On August 5th, 2020 Bain Capital the new owner of Virgin Australia Group announced that due to the impact of COVID-19, the Tigerair Australia brand would be discontinued. This announcement was part of a larger restructure of Virgin Australia which signals a clear focus on domestic 737-NG operations.
Virgin Australia Strategic restructure
The key points of the Virgin Australia restructure are:
- Reduction in cost base to meet sector uncertainty and COVID-19 market conditions
- Securing approximately 6,000 jobs when the market recovers with 3,000 roles impacted
- Simplified all-Boeing 737 mainline fleet and the retention of the regional and charter fleet, but removing ATR, Boeing 777, Airbus A330 and Tigerair Airbus A320 aircraft types
- Long-haul international flying important part of plan but suspended until global travel market recovers
- Tigerair Australia brand discontinued with Air Operator Certificate (AOC) and necessary support maintained to provide option for ultra-low-cost operations when market recovers
- Continued commitment to regional and charter flying.

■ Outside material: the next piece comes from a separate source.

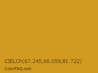 CIELCh 67.245,66.059,81.722 Color is a normal orange color and the nearest color is Lemon Curry #cca01d. Hex code #d09b20 and RGB value is rgb(208,155,32). In RGB color space, this color is composed of 82% red, 61% green, 13% blue, In CMYK color space, this color is composed of 0% cyan, 25% magenta, 85% yellow , 18% black , In HSL color space, this color has a hue angle of 42° , 73% saturation and 47% lightness.
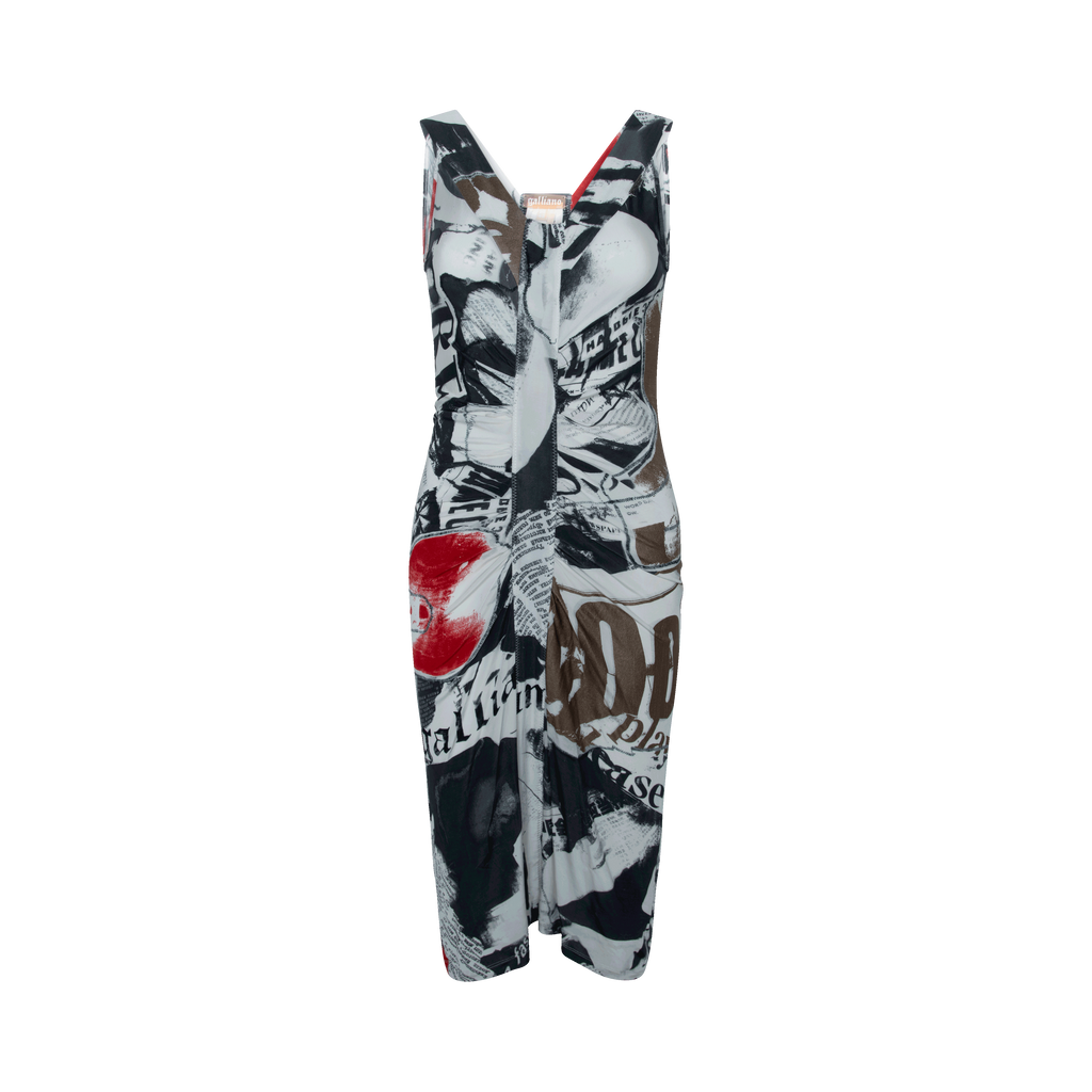 Galliano by John Galliano Newspaper Print Dress features body con fit, newspaper print all over, and knee length.

Tigerair had already ceased operations on March 25th, 2020 after Virgin Australia was placed in administration. Tigerair commenced services in the Australian domestic market on 23 November 2007. Virgin Australia bought a 60% stake in Tiger in mid-2013.
In October 2014 Virgin Australia reached agreement with the Singapore-based parent company Tiger Holdings to sell its remaining 40% stake in the carrier and to take full ownership of discount carrier Tigerair Australia.
Tigerair Australia’s Air Operator Certificate (AOC) and the resources necessary to support the AOC will be retained to support optionality to operate an ultra-low-cost carrier in the future when and if the domestic market can support it.